Backbone of the Americas—Patagonia to Alaska, (3–7 April 2006)

Paper No. 4
Presentation Time: 9:30 AM

FLAT SUBDUCTION AND CENOZOIC MAGMATIC PATTERNS IN WESTERN NORTH AMERICA


GLAZNER, Allen F., Dept. of Geological Sciences, University of North Carolina, CB# 3315, Chapel Hill, NC 27599 and ATWATER, Tanya M., Univ California - Santa Barbara, Webb Hall, Santa Barbara, CA 93106-9630, afg@unc.edu

Magmatic patterns evident in the NAVDAT database of western North American magmatism (navdat.geongrid.org) provide support for widespread flat subduction under the western United States in the early Tertiary, but the classic interpretations of this event require significant modification. Plate reconstructions require rapid subduction of a huge area of Farallon plate under western North America in the Late Cretaceous and early Tertiary, yet magmatism shut down along most of the arc in the Late Cretaceous, not returning in most areas until the late Tertiary.

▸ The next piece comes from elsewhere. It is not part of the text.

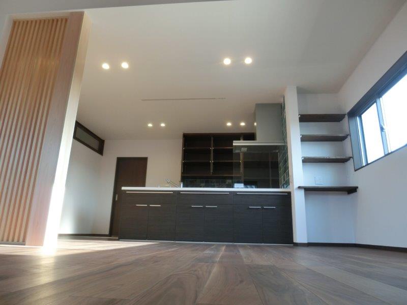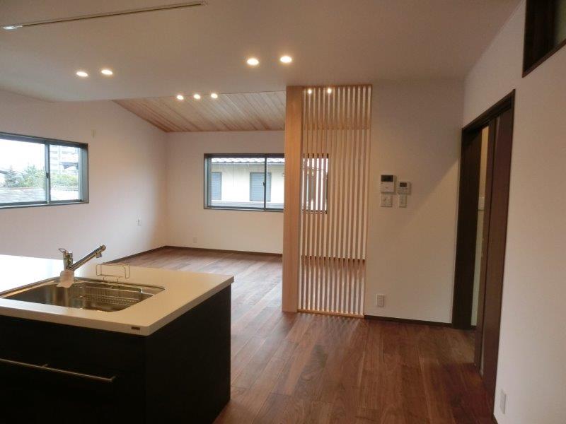 明るいキッチンとデザインタイルが映える素敵なリビングになりました。

This event has classically been viewed as (1) an inland sweep of the arc as the subducted plate flattened, (2) a rapid westward sweep as the plate rapidly steepened, and (3) northward extinction of the ancestral Cascades arc as the Mendocino triple junction swept north.

These patterns are not well supported by the NAVDAT compilation, although there is weak evidence for an inland sweep in the early Tertiary. Magmatism returned to the western U.S. via three main events: a southward sweep from Montana to Nevada, a clockwise sweep from New Mexico to Nevada around the Colorado Plateau, and a mid-Miocene outburst in northern Nevada (the Yellowstone event). The sweep around the Colorado Plateau is not consistent with slab-steepening because magmatism occurred simultaneously from New Mexico to California, along and south of the subducted Mendocino fracture zone. There is no evidence of an ancestral Cascades arc south of latitude 38°N (north of Yosemite National Park); indeed, California, southern Nevada, and Arizona were largely devoid of magmatism in the Oligocene. The southernmost expression of an ancestral Cascades arc formed north of Yosemite ~10 Ma.

Although magmatic patterns support widespread flat subduction in the early Tertiary, isotopic ratios in Cenozoic volcanic rocks indicate extensive preservation of old lithosphere across the western U.S. These features can be reconciled if the top of the subducted flat slab was at ~100 km depth, as in the modern Andes, except in southern California where it was much shallower and bit into the crust. Key geodynamic questions include (1) what triggered the various renewals of volcanism; (2) how arc volcanism reestablished itself in central California, and (3) why volcanic patterns in Mexico do not match those in the U.S.